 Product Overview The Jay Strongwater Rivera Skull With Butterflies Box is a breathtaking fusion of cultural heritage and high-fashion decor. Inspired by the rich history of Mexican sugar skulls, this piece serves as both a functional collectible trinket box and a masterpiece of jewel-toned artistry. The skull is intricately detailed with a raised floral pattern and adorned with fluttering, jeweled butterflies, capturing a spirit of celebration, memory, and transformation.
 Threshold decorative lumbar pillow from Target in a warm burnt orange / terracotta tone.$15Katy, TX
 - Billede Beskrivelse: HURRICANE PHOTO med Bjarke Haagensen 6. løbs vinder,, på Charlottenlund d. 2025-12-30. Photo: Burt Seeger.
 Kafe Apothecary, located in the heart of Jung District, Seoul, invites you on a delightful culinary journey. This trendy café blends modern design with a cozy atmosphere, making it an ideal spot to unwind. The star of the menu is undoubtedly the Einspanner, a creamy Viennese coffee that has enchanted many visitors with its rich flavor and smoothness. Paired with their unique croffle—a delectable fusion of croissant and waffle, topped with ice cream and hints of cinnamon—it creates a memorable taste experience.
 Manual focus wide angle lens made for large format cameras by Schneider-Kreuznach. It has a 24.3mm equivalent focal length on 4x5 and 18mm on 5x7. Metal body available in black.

---

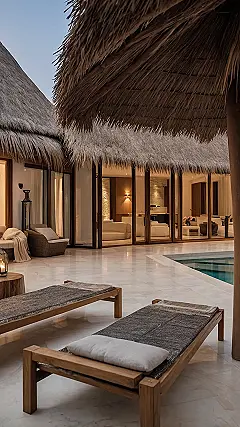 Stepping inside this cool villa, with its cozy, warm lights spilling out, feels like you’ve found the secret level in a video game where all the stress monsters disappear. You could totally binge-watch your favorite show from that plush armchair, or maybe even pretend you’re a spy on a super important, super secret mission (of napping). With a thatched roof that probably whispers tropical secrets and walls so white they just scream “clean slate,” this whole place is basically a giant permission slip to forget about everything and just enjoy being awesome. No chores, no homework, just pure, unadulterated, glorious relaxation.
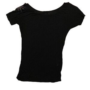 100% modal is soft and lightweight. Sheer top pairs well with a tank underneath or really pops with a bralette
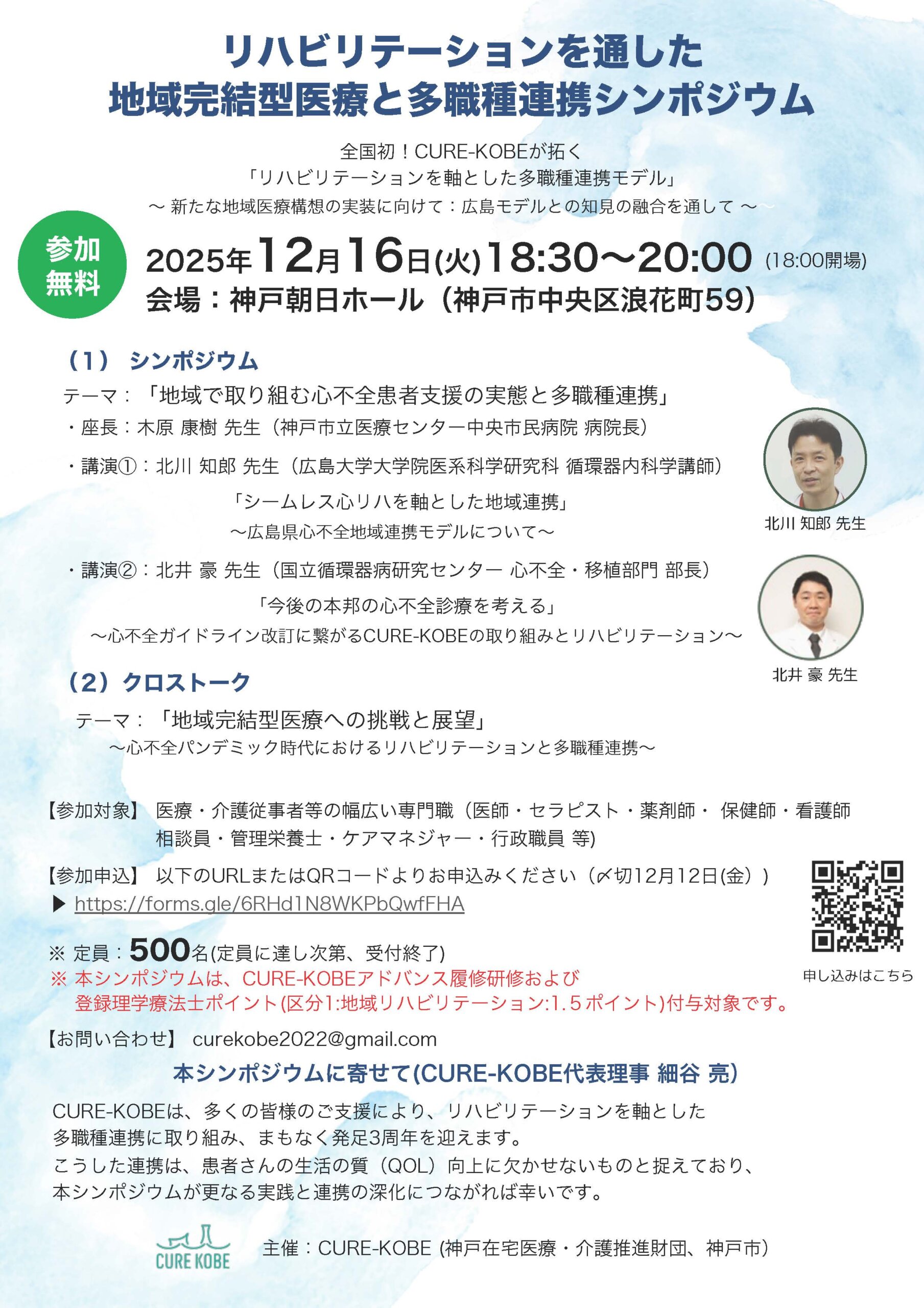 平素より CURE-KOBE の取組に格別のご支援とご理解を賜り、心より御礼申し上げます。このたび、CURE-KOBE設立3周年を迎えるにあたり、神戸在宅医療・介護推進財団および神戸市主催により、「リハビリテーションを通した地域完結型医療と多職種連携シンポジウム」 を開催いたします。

** Task to carry out **
Go through the entries and copy every line that has "rich".

** Task answer **
 Product Overview The Jay Strongwater Rivera Skull With Butterflies Box is a breathtaking fusion of cultural heritage and high-fashion decor. Inspired by the rich history of Mexican sugar skulls, this piece serves as both a functional collectible trinket box and a masterpiece of jewel-toned artistry. The skull is intricately detailed with a raised floral pattern and adorned with fluttering, jeweled butterflies, capturing a spirit of celebration, memory, and transformation.
 Kafe Apothecary, located in the heart of Jung District, Seoul, invites you on a delightful culinary journey. This trendy café blends modern design with a cozy atmosphere, making it an ideal spot to unwind. The star of the menu is undoubtedly the Einspanner, a creamy Viennese coffee that has enchanted many visitors with its rich flavor and smoothness. Paired with their unique croffle—a delectable fusion of croissant and waffle, topped with ice cream and hints of cinnamon—it creates a memorable taste experience.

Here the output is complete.